The setup used in the photoacoustic experiments at the Indian Institute of Science. [Image: G. Puneeth]
Could noninvasive photoacoustic sensing detect blood glucose levels in diabetic patients without piercing their skin? Researchers in India are building the foundation for future instrumentation that could perform such measurements.

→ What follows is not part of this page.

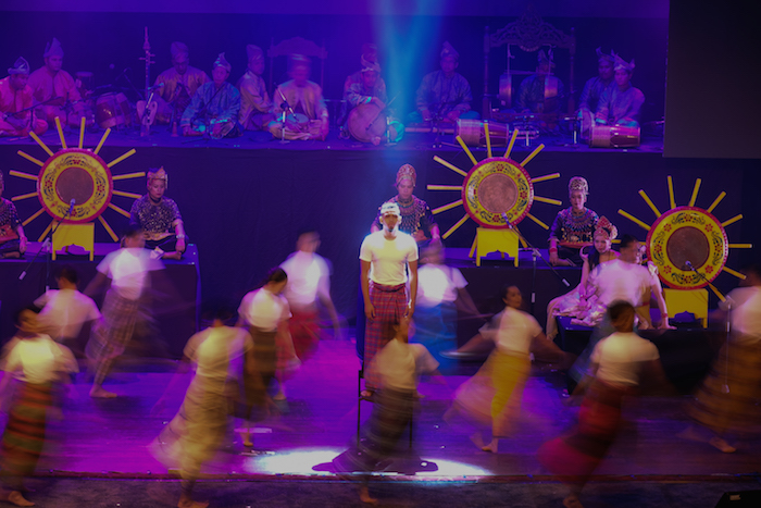 The show opens with the resounding, anthemic beat of the rebana ubi – six of these large drums are spread across the stage and played by two drummers each. The drums remain on stage throughout the entire production. None of these performances are presented in isolation – dancers, musicians and musical equipment stay on set even as other groups and performers take the stage. On one hand it symbolises the abundance of different threads of Kelantan’s cultural fabric coexisting together in the same space, creating a visual or spatial tapestry, but at points it had an overcrowded effect; some pieces were overshadowed by the presence of non-essential elements sharing the stage.

The scientists developed a proof-of-concept system that uses near-infrared photoacoustic sensing to correlate optical rotation with concentrations of glucose and other molecules in solution, at depths of several millimeters (Sci. Adv., doi:10.1126/sciadv.ado8012 ). The work could lead not only to needle-free glucose monitoring, but also improved detection of certain cancers.
Chirality and photoacoustic sensing
Many molecules—both those that occur naturally in the human body and those of many drugs—exhibit chirality: the inability to be superimposed on its mirror image. The two different versions of chiral molecules, called enantiomers, may act differently; for example, one enantiomer of thalidomide acts as a sedative while the other causes devastating birth defects.
Glucose, the most fundamental sugar molecule, also exhibits chirality, which changes the polarization of light that interacts with the molecule. But short-wavelength polarimetric methods don’t always work with living tissue because scattering effects within the tissue can depolarize optical signals.
The Indian Institute of Science lab group members working on developing photoacoustic imaging and sensing technologies. [Image: G. Puneeth]
Photoacoustic sensing uses laser light to heat biological tissue components slightly to induce thermoelastic expansion and contraction. The thermal changes produce a spectrum of ultrasonic waves that can be analyzed.
Demonstrating the concept
Swathi Padmanabhan and Jaya Prakash, two researchers at the Indian Institute of Science, dubbed their experimental technique photoacoustic-based polarization-enhanced optical rotation sensing, or PAPEORS. In their experiments, 1560-nm-wavelength light from a Nd:YAG laser passed through circularly polarizing optics and a magnetically stirred solution. An ultrasound transducer picked up the time-series photoacoustic signal.
The duo first studied glucose at various concentrations in solutions of either water or bovine serum albumin, as well as within 3-mm-thick slices of chicken breast-meat tissue. Then, the researchers tested the experimental setup on the finger of a human, both before and after the test subject consumed a meal. They compared the photoacoustic results to those from a standard glucose meter that relies on finger-pricking and drops of blood.
According to the researchers, PAPEORS has a detection limit of 80 mg/dl, and the photoacoustic signals from the subject’s finger increased after each meal as the person’s glucose level rose. The benchtop apparatus needs to be miniaturized for practical use, but the scientists believe the technique holds promise for future glucose monitoring.